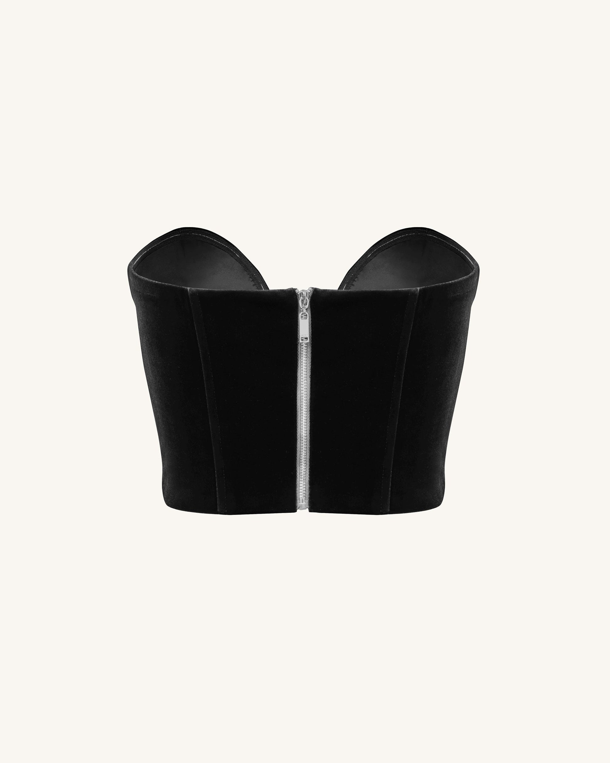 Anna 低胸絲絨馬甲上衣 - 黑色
________________________________________
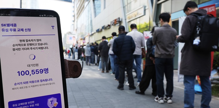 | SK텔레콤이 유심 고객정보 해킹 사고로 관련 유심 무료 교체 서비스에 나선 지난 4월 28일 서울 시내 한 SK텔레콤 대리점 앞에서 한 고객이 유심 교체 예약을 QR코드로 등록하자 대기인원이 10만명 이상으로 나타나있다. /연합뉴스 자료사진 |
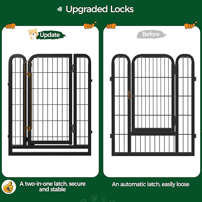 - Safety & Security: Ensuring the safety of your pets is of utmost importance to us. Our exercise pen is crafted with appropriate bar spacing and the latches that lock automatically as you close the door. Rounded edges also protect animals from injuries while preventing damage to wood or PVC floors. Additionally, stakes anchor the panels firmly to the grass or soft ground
________________________________________
Prompt => Everything above from the line that has "나타나있다. /연합뉴스 자료사진 |" down to the line that has "- Safety & Security: Ensuring" should be output exactly, with both of those lines included. Leave the pictures behind.

Reply to the task =>
 | SK텔레콤이 유심 고객정보 해킹 사고로 관련 유심 무료 교체 서비스에 나선 지난 4월 28일 서울 시내 한 SK텔레콤 대리점 앞에서 한 고객이 유심 교체 예약을 QR코드로 등록하자 대기인원이 10만명 이상으로 나타나있다. /연합뉴스 자료사진 |
 - Safety & Security: Ensuring the safety of your pets is of utmost importance to us. Our exercise pen is crafted with appropriate bar spacing and the latches that lock automatically as you close the door. Rounded edges also protect animals from injuries while preventing damage to wood or PVC floors. Additionally, stakes anchor the panels firmly to the grass or soft ground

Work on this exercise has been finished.